2.1 Washington Life Insurance Policy Requirements

Key Takeaways

  • RCW 48.23.380 requires every individual life policy to carry a printed notice giving the owner a 10-day free look to return the policy for a full premium refund.
  • RCW 48.23.060 caps the incontestability period at two years from issue; after that the insurer cannot void the policy for misstatements except non-payment of premium.
  • RCW 48.23.090 limits any suicide exclusion to two years; death by suicide after that is a covered loss payable in full.
  • RCW 48.23.030 grants a grace period of one month, but not less than 30 days, during which the policy stays in force.
  • RCW 48.30.300 prohibits unfair discrimination not based on actual mortality or morbidity differences, including bias by sexual orientation or HIV status.
Last updated: June 2026

Standard Provisions Required by Statute

Washington adopts the standard policy provisions found in RCW chapter 48.23. The Office of the Insurance Commissioner (OIC) reviews and approves every individual life form before it can be sold, so the exam tests the statutory minimums an insurer can never weaken (it may always be more generous to the insured).

Free Look (Right to Examine)

Under RCW 48.23.380, every individual life policy issued after September 1, 1977 must have printed on its face or attached to it a notice that the owner may return the policy within ten (10) days of delivery and receive a full refund of all premium paid "for any reason." Memorize the trap: Washington's life statute does not add a separate 20-day senior free look — that extension exists in some other states, not in RCW 48.23.380. Variable contracts may carry a longer SEC-driven look, but the state floor is 10 days.

ElementWashington rule (RCW 48.23.380)
Length10 days from delivery
TriggerDate owner receives the policy
Refund100% of premium paid
ConditionsNone — "any reason," no penalty

Worked example: A policy is mailed and the owner signs the carrier's delivery receipt on June 1. The 10-day window closes at end of day June 11. A return postmarked June 11 is timely; a return mailed June 13 is too late and the insurer keeps the policy in force.

Incontestability

RCW 48.23.060 requires that the policy become incontestable after two years from issue (excluding any period the insured is disabled, by some forms). Once the two-year clock runs while the insured is alive, the insurer cannot rescind for a material misstatement or even most fraud in the application. The narrow survivors are non-payment of premium and provisions on military/aviation hazards and age misstatement. A claim filed in month 25 on a policy issued with an undisclosed condition must be paid.

Suicide Clause

RCW 48.23.090 limits any suicide exclusion to two years from issue. If the insured dies by suicide in that window, the insurer refunds premiums paid (not the face amount); after two years the full death benefit is payable. Note this runs from issue, parallel to but legally separate from incontestability.

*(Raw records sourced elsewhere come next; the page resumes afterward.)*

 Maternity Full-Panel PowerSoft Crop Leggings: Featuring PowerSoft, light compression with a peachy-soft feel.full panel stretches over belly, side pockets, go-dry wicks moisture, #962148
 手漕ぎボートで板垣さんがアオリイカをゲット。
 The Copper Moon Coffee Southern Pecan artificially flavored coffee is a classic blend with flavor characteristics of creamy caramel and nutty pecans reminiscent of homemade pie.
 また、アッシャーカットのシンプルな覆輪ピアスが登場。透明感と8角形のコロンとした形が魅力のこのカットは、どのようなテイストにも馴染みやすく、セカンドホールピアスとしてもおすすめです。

Grace Period, Reinstatement, and Loan Rules

RCW 48.23.030 grants a grace period of one month, but not less than 30 days, for any premium after the first. The policy stays in force during grace; if the insured dies, the insurer pays the death benefit minus the overdue premium. The insurer may charge interest on the late premium not exceeding 6% per year.

Reinstatement (RCW 48.23.080): a lapsed policy may be reinstated within three years on evidence of insurability and payment of overdue premiums with interest. Critically, reinstatement starts a new two-year contestable and suicide period measured from the reinstatement date — a heavily tested point.

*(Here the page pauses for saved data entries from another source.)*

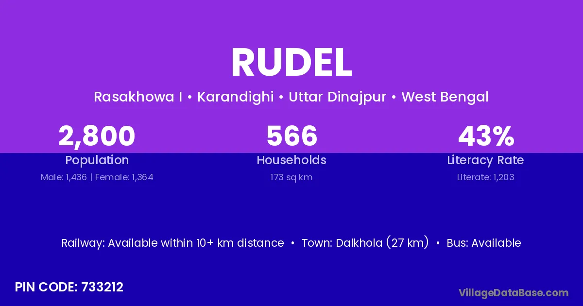 The literacy rate of Rudel village is 75.53%. Male literacy stands at 80.80% and female literacy at 69.74%.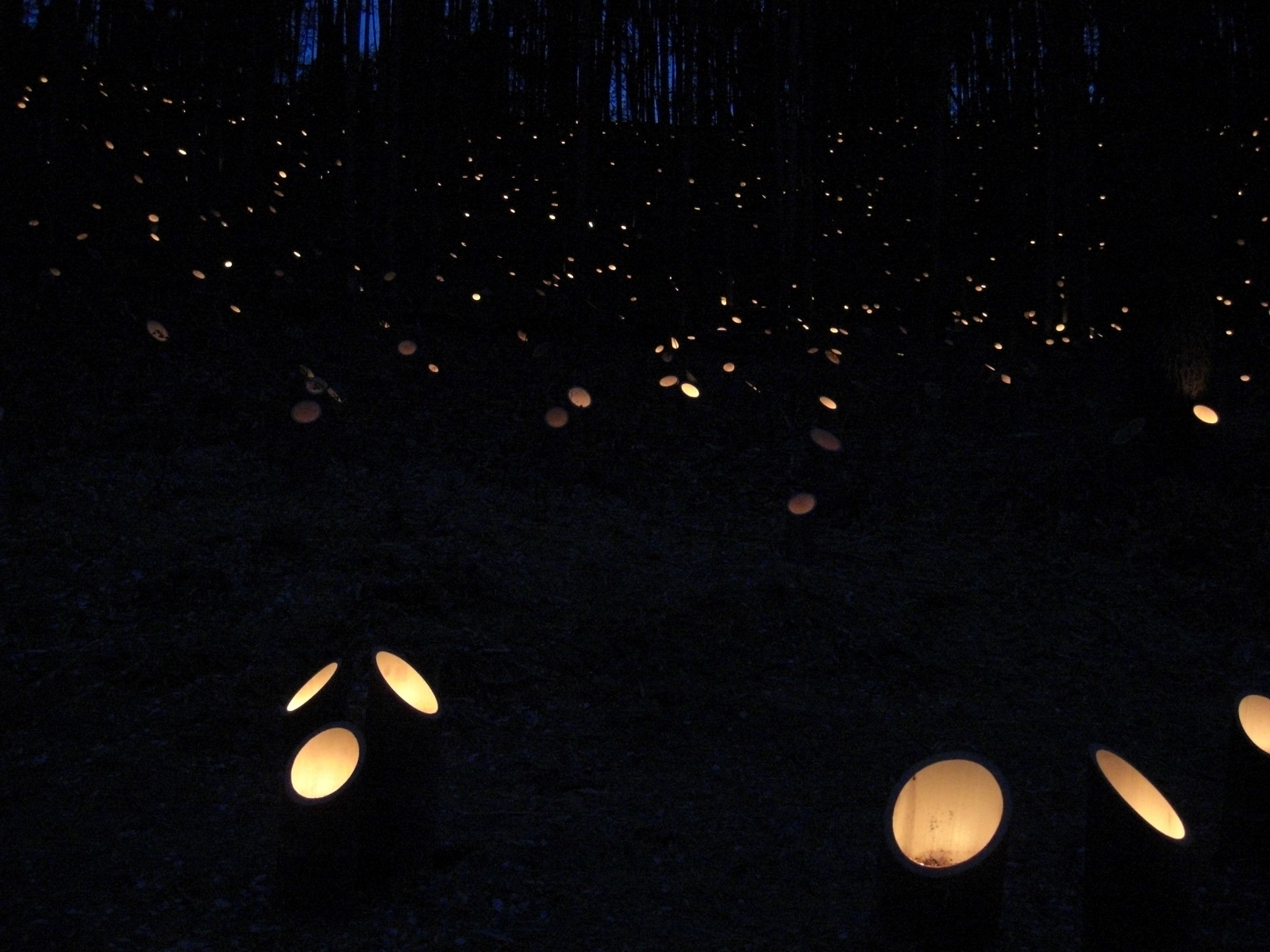 竹林の竹灯籠に囲まれてディジュリドゥ演奏のはじまり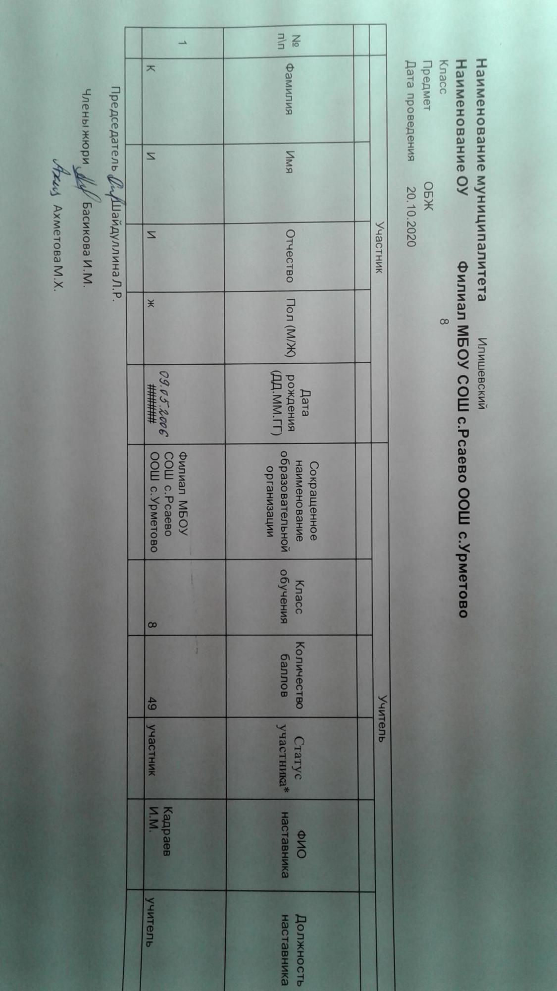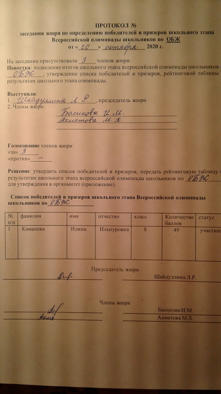 Протокол ВОШ ШЭ по ОБЖ в 8 классе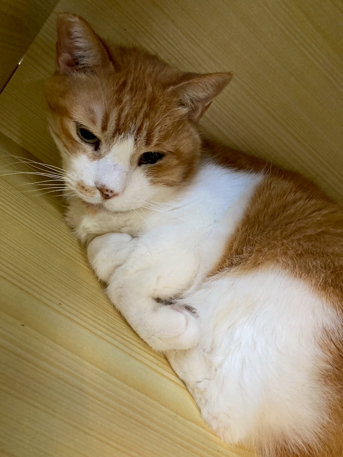 元野良猫さんで、ずっと住んでいた場所が取り壊されるとのことで保護されております。

ProvisionStatuteKey number
Free lookRCW 48.23.38010 days
IncontestabilityRCW 48.23.0602 years
Suicide exclusionRCW 48.23.0902 years
Grace periodRCW 48.23.03030 days min.
Reinstatement windowRCW 48.23.0803 years
Loan interest cap (fixed)RCW 48.23.085per statute / NAIC max

Unfair Discrimination — RCW 48.30.300

RCW 48.30.300 makes it an unfair practice to refuse coverage or vary rates, terms, or benefits based on factors not supported by sound actuarial principles or actual experience. Washington courts and the OIC read this to bar pricing or denial based on sexual orientation, gender identity, marital or domestic-partner status, and the presence of HIV when not tied to genuine mortality data. Same-sex spouses and registered domestic partners must be underwritten on the same basis as opposite-sex spouses.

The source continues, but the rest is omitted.